WHAT THE TASK ASKS → Take the lines below from the one with "Robe mi-longue plissée" through the one with "포천시는 지난 17일부터" and retype them exactly. Include nothing else, and no pictures.

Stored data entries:
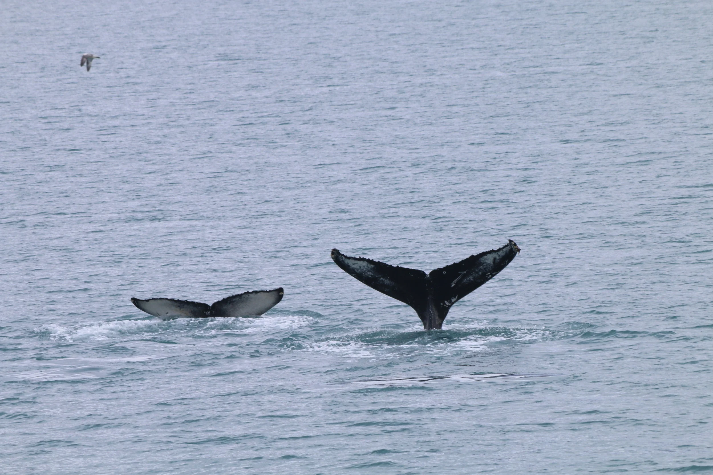 Flat sea in Eyjafjörður today with just a fresh breeze which remained us that we are still in the north of Iceland. The reflection of the clouds in the water surface made very easy to spot the humpback whales, even from the distance. We sailed after Hjalteyri where we were basically waiting for the animals to come up at the surface to breath. We barely had to move the boat to approach the animals; in fact the whales were the ones coming closer to us. Great closer look to the flukes before going for a dive and to the blowholes while breathing from these amazing animals that always make our days.
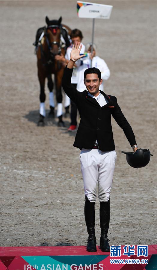 8月26日,中国选手华天在颁奖仪式上向观众挥手致意。 当日,在印度尼西亚雅加达举行的第18届亚运会马术个人三项赛中,中国选手华天获得铜牌。 新华社记者黄宗治摄
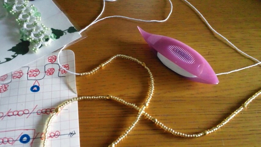 タティングにビーズを入れ込んだ物を編もう!と、思い立ち作業開始。
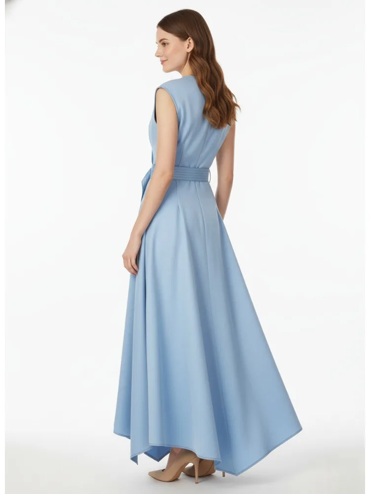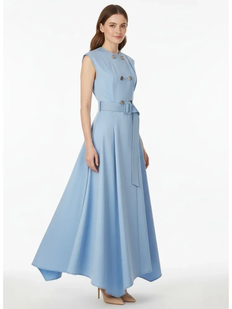 Robe mi-longue plissée sans manches, Double boutonnage, ceinturée, élégante, couleur unie, ligne a, robes de soirée, nouvelle collection été 2025
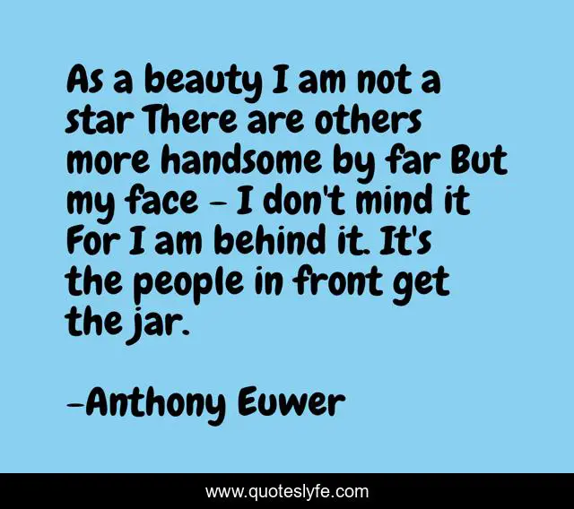 This page presents the quote "As a beauty I am not a star There are others more handsome by far But my face - I don't mind it For I am behind it. It's the people in front get the jar.". Author of this quote is Anthony Euwer. .
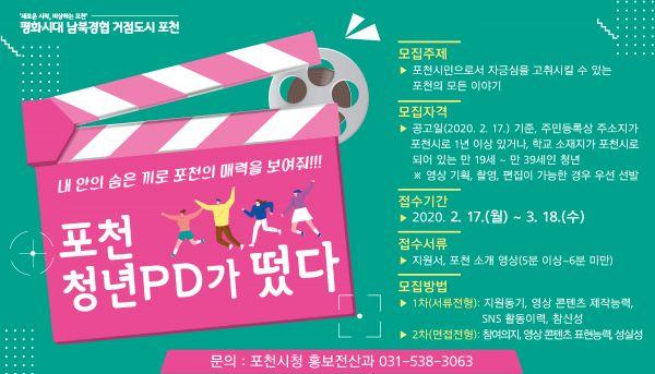 포천시는 지난 17일부터 오는 3월 18일까지 포천 홍보 영상 콘텐츠를 제작할 청년 PD를 모집한다.
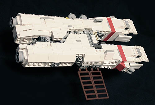 ![]() ![]() 無人防衛艦防人級は、太陽系外から来襲する敵性勢力に対する常備防衛網として考案されたシステムのための艦で、艦と名はつくものの、その実体は航行能力を持った人工衛星である。それは、保有艦艇数を水増ししてその規模を誇示したい宇宙軍の見栄のためでもある。数千の規模で量産されるため、構造も簡素で、当然ながら人間の居住区画もない。 初期哨戒及び迎撃のために太陽系の全天球方向・一定距離ごとにこの防人級が配備されており、有事の際は宇宙群本部に通報がなされるとともに独自に迎撃体制を整え、レゴフォース外洋艦隊本体が到着するまでの足留め役を担う。艦隊が所定の空域に到達した後は、艦隊の一部として行動することも可能である。 地球衛星軌道にある造船ドックからは、防人級が毎日のように新造されて太陽系外縁に向けて打ち上げられており、強力なブースターによって一週間程度で目的空域まで到達する。 ![]() ![]() <作品コメント> モデルとしては大きくないので2日ほどで作っています。ただ、密度は減らすとスケール感が見えなくなってしまうので、レゴフォース特有のゴチャゴチャディテールはしっかり盛り込んだうえで、シンプル感を出すよう努力しました。 ブースター部分は城のコーナー部品とか尖塔屋根とか使ってるのでボリュームの割には部品構成が簡素です(笑)。
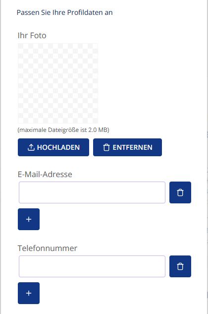 Hier haben Sie die Möglichkeit, Ihre Profildaten anzupassen. So können Sie z.B. ein Profilfoto hinzufügen und Ihre Kontaktdaten vervollständigen.
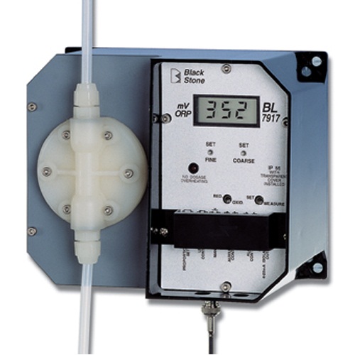 Máy kiểm soát ORP có hỗ trợ bơm định lượng. Máy có hệ thống đèn báo khi giá trị ORP vượt quá 200 mV so với giá trị cài đặt ban đầu.
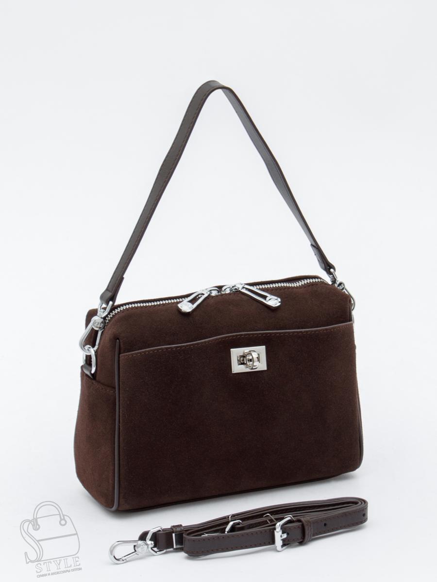 Сумка кросс-боди, выполнена из замши. Дополнена серебристой фурнитурой. Данная модель закрывается на молнию, носится в руке за съемную удлиненную ручку или на плече. В комплекте имеется ремень с регулировкой длины. Каркас полужёсткий.
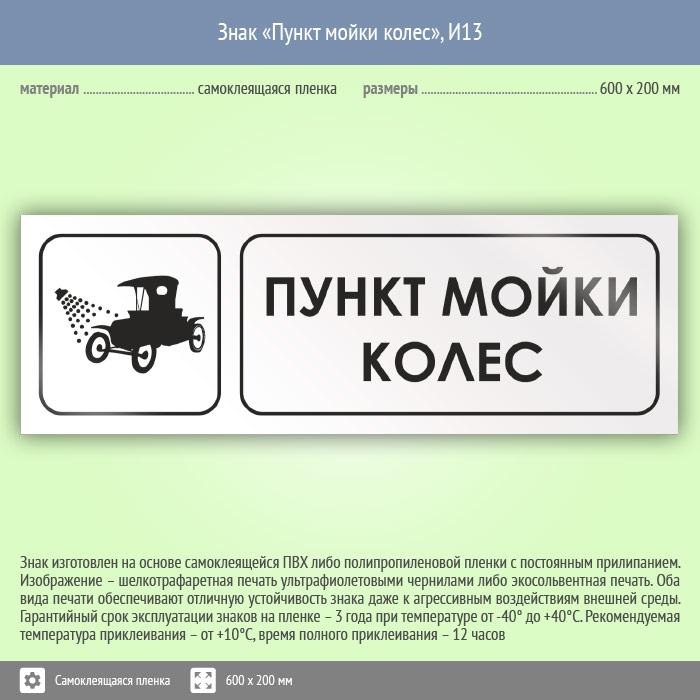 Знак «Пункт мойки колес», И13 (пленка, 600х200 мм) в Кашире купить
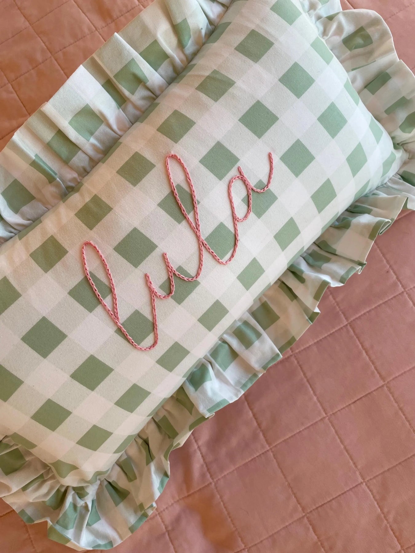 Light Green Gingham Ruffle Pillowcase with Personalized Name- Hand Embroidered
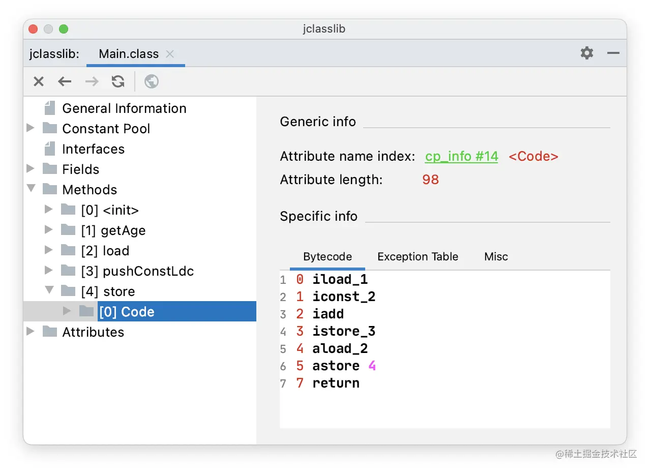 通过 jclasslib 看一下 store() 方法的字节码指令。
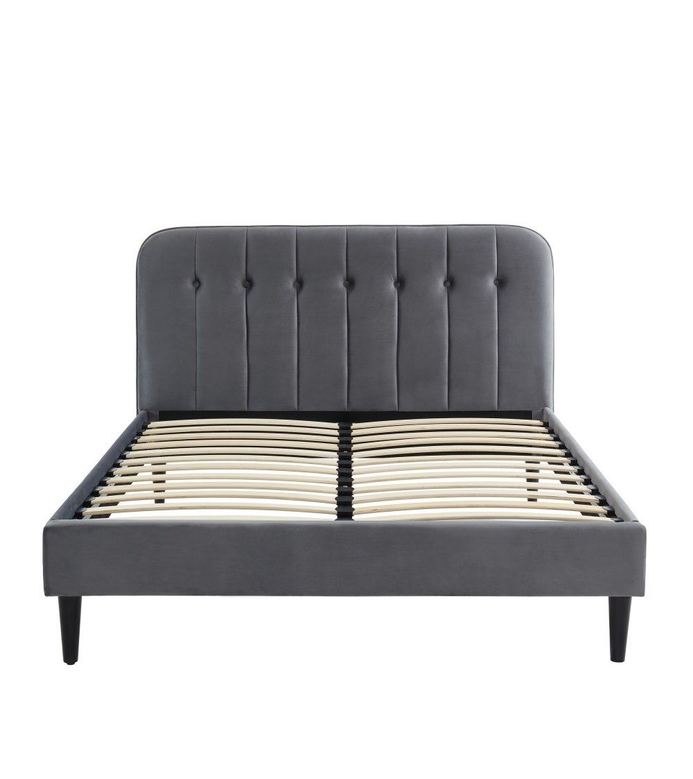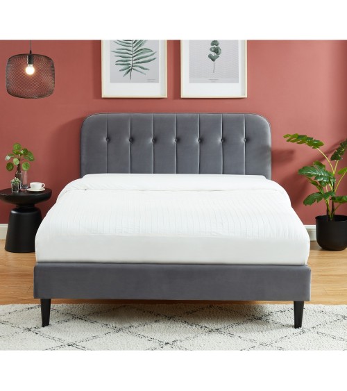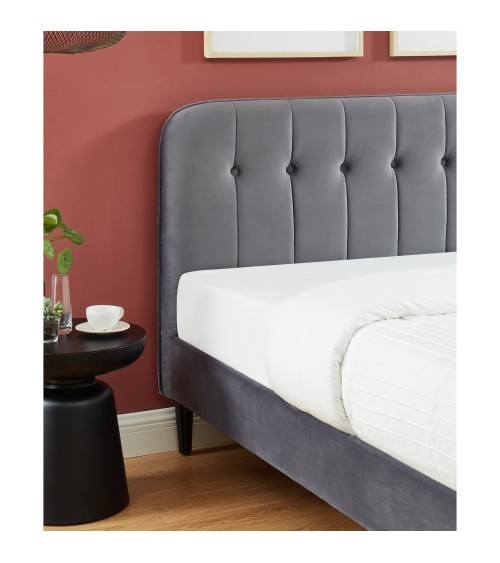 Un lit matelassé en velours Torgo total confort, amenant tout droit au pays des rêves. Ce lit Torgo 140x190cm s'allie à tous les styles grâce à son look simple et contemporain.Son plus grand atout ? Sa tête de lit matelassée en velours apportant de la douceur, tout en accentuant son look tendance. Avec ses boutons le long de la tête de lit, Torgo est la pièce sophistiquée de la chambre à coucher. Ses 4 pieds en bois massif d'une hauteur de 17cm garantissent sa stabilité et sa robustesse. À noter - Sommier inclus, matelas non inclus.
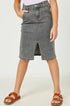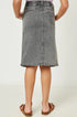 Constructed from quality washed denim fabric, the Kendall Midi Skirt offers both style and functionality. Featuring a convenient button-zip closure and functional front and back pockets, this skirt is perfect for any girl looking for a versatile and chic wardrobe staple.
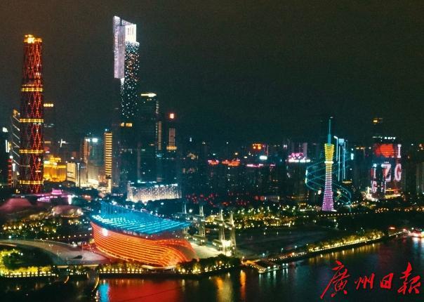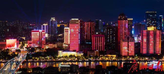 国庆节期间,珠江北岸沿江路一带建筑亮起华灯,国旗国徽点亮珠江夜色。
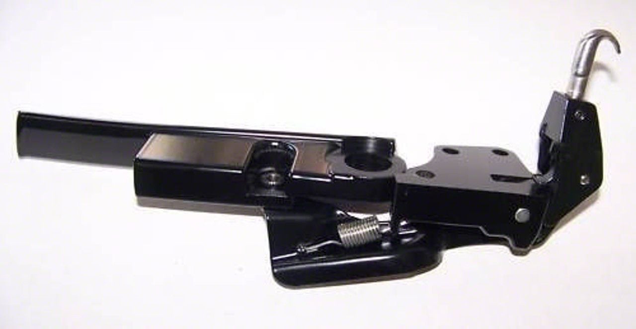Construction and Appearance. Crafted in the USA, this latch assembly includes a chrome hook and handle for a classic and durable finish. It comes complete with two plastic bushings already installed to guarantee smooth movement and long-lasting operation. The materials used provide strength and corrosion resistance suitable for convertible top applications.
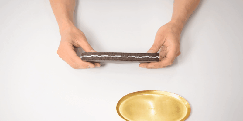 dulang fitは、横幅16.4㎝縦9㎝厚み2㎝の、超コンパクトサイズの長財布。横16,4㎝は、1万円札(16㎝)がちょうど入るサイズ感。縦9㎝は、カードが縦に入り、ファスナー開閉に余裕のあるギリギリの高さ。使いやすさを損ねず最小を目指した。
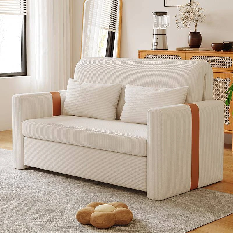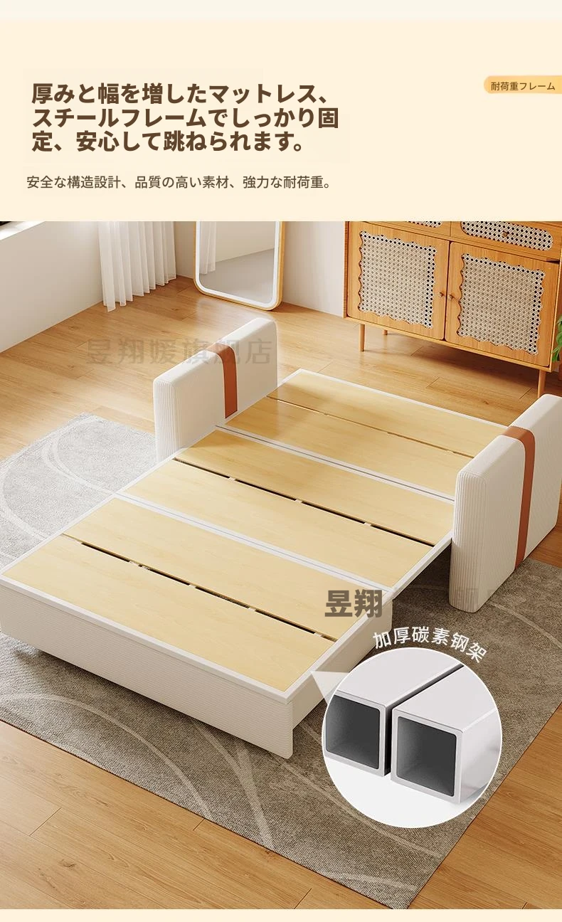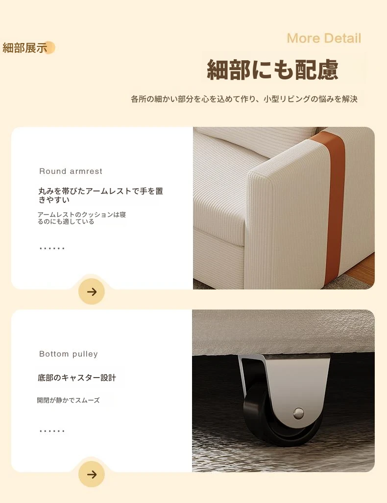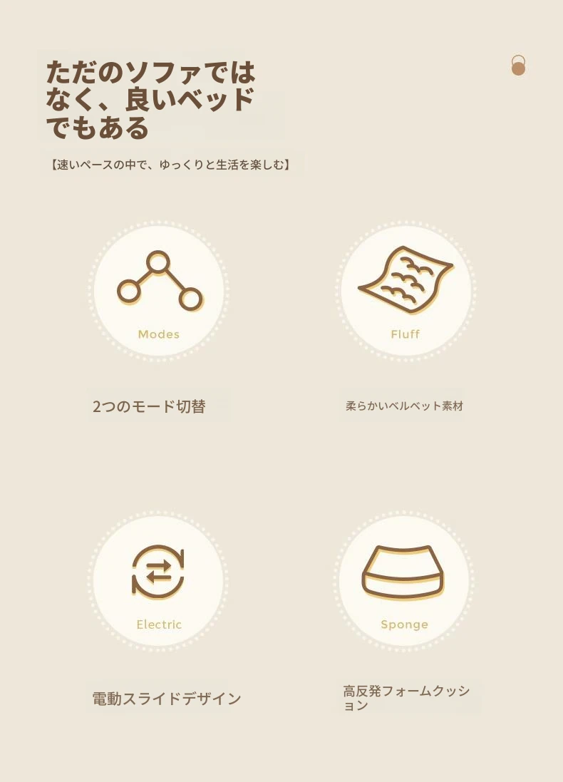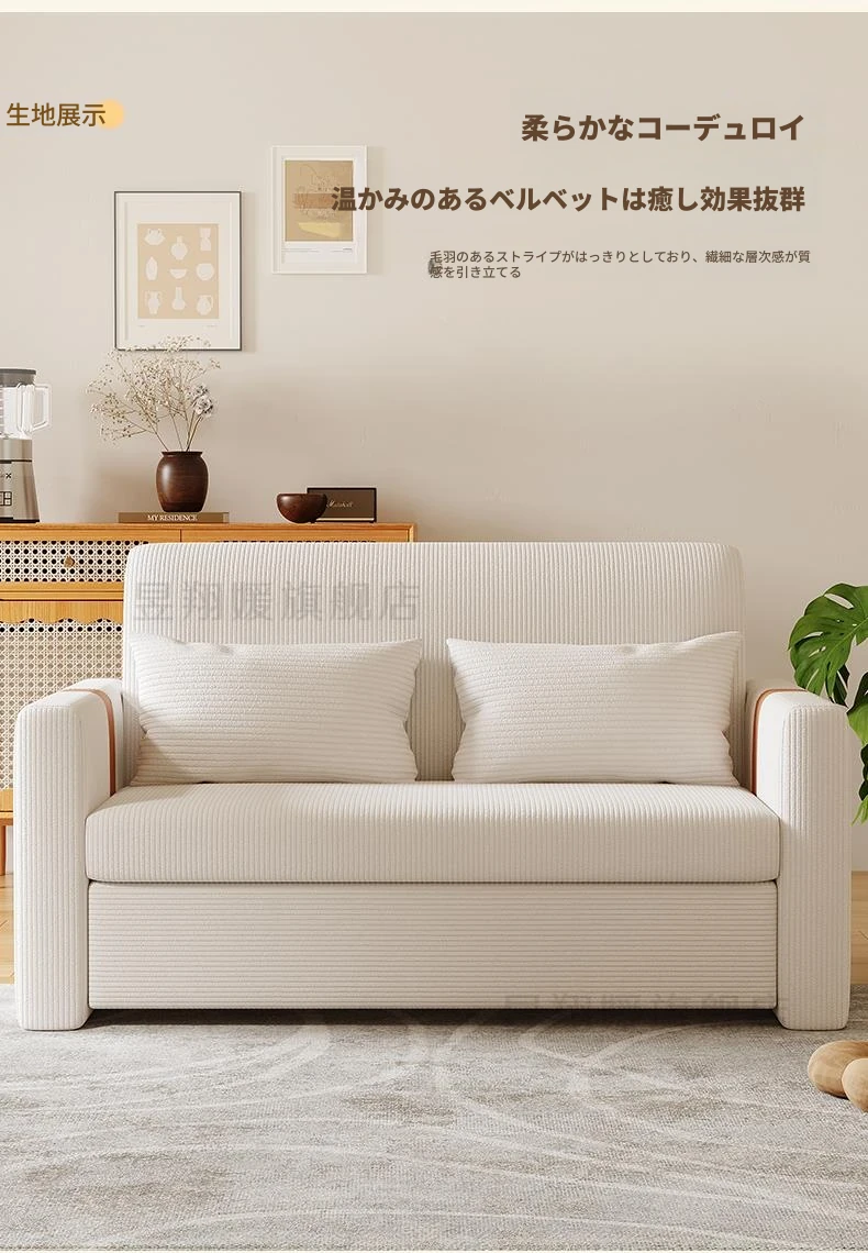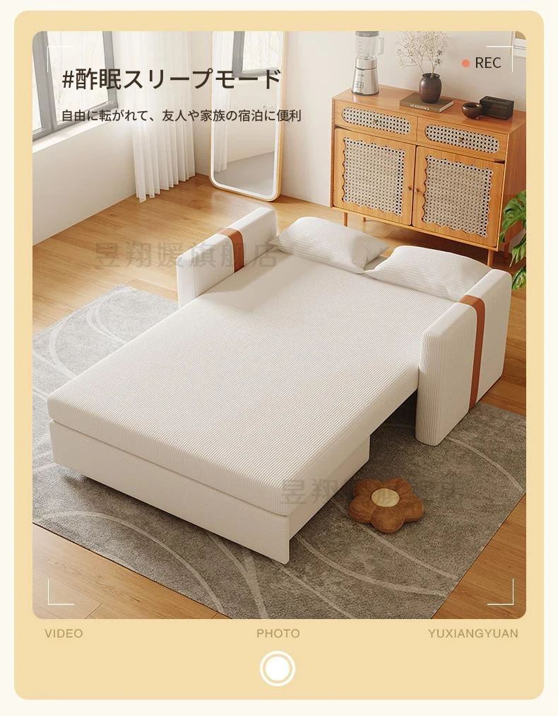 香港製 ソファベッド 電動 折りたたみクリームカラー 小型リビング・寝室向け スライド・伸縮機能付き 即日配送!快適な空間を演出します!
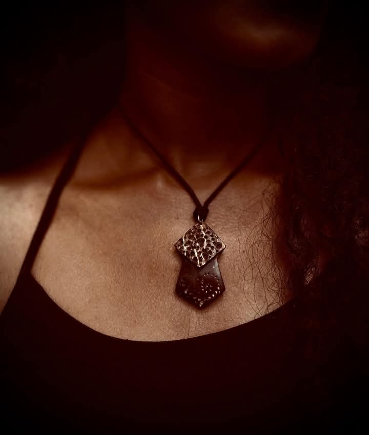 This elegant necklace is hand-carved from natural coconut shell and shaped into a bold geometric design. The textured surface and deep natural color give it a strong yet refined look.
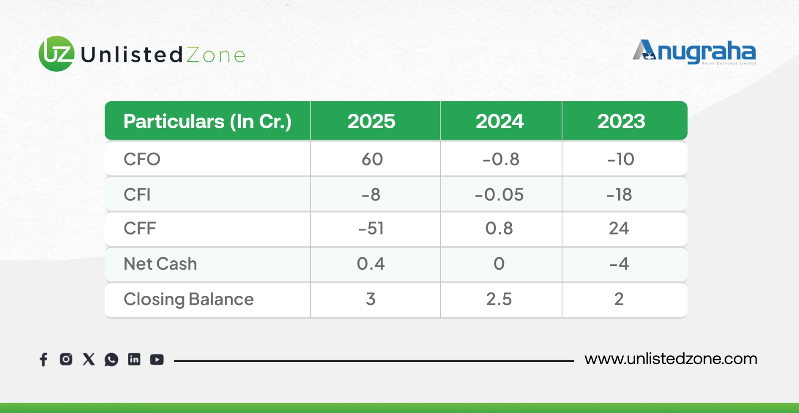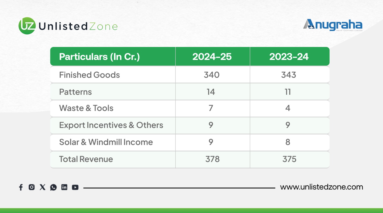 D) Financial Performance Snapshot of Anugraha Valve Unlisted Shares

REPLY →
 Robe mi-longue plissée sans manches, Double boutonnage, ceinturée, élégante, couleur unie, ligne a, robes de soirée, nouvelle collection été 2025
 This page presents the quote "As a beauty I am not a star There are others more handsome by far But my face - I don't mind it For I am behind it. It's the people in front get the jar.". Author of this quote is Anthony Euwer. .
 포천시는 지난 17일부터 오는 3월 18일까지 포천 홍보 영상 콘텐츠를 제작할 청년 PD를 모집한다.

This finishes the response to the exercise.